**THE TASK**
Within the lines below, the span from the line with "помощью запирающего механизма." to the line with "Use for breakfast", both ends included, is to be reproduced exactly, with pictures omitted.

**PROVIDED MATERIAL**
────────────────

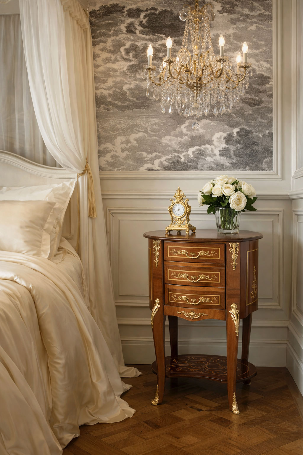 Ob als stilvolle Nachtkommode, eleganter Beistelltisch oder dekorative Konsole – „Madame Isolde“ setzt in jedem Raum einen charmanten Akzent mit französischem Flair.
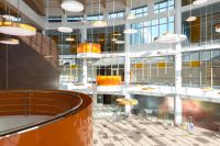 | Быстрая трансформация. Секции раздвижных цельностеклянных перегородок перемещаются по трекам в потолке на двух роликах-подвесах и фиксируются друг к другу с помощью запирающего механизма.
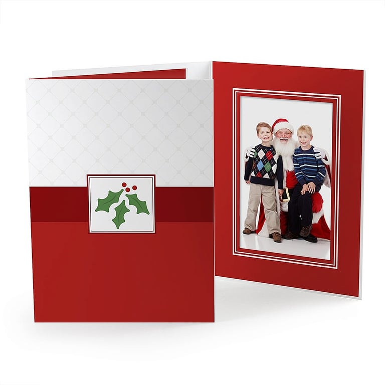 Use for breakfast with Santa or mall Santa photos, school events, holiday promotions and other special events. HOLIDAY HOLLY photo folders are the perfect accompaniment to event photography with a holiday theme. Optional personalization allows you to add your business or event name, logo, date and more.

────────────────

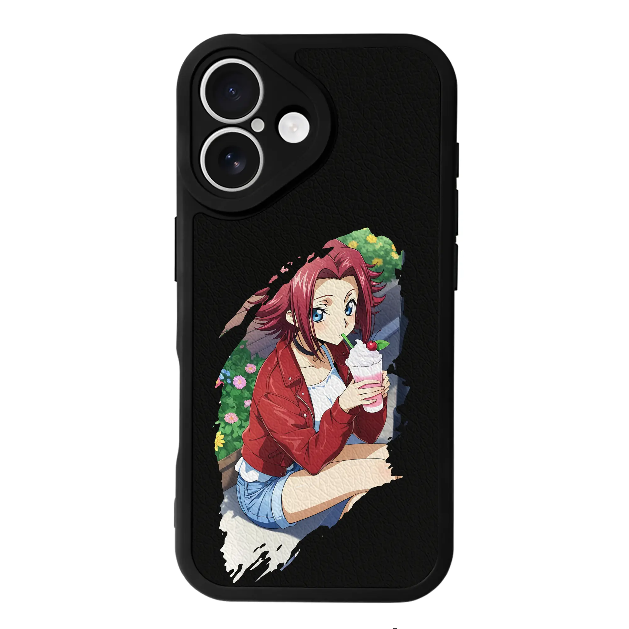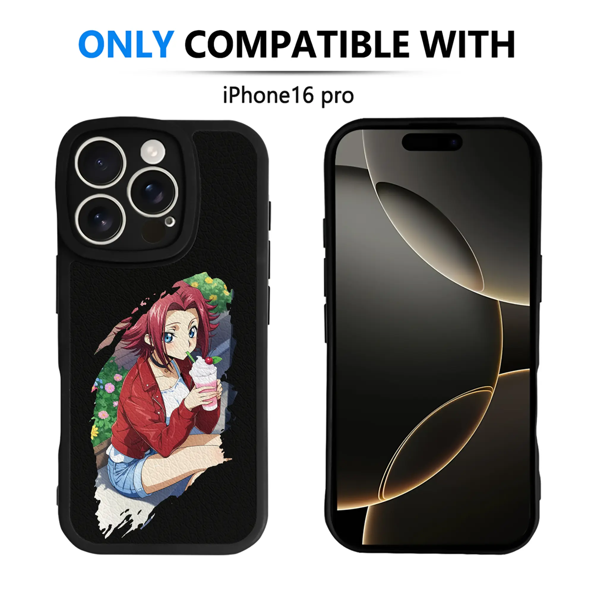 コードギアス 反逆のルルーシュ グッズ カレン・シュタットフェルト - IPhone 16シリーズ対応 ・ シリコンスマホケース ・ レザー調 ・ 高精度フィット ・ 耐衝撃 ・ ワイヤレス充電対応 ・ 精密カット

────────────────

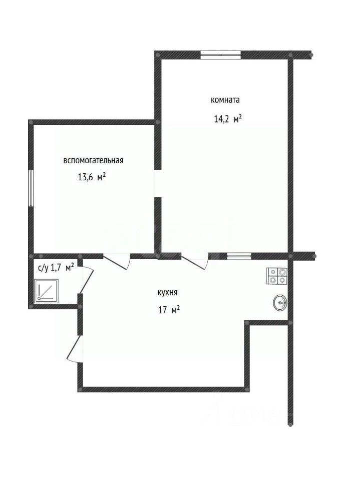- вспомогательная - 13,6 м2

────────────────

**WRITTEN RESPONSE**
 | Быстрая трансформация. Секции раздвижных цельностеклянных перегородок перемещаются по трекам в потолке на двух роликах-подвесах и фиксируются друг к другу с помощью запирающего механизма.
 Use for breakfast with Santa or mall Santa photos, school events, holiday promotions and other special events. HOLIDAY HOLLY photo folders are the perfect accompaniment to event photography with a holiday theme. Optional personalization allows you to add your business or event name, logo, date and more.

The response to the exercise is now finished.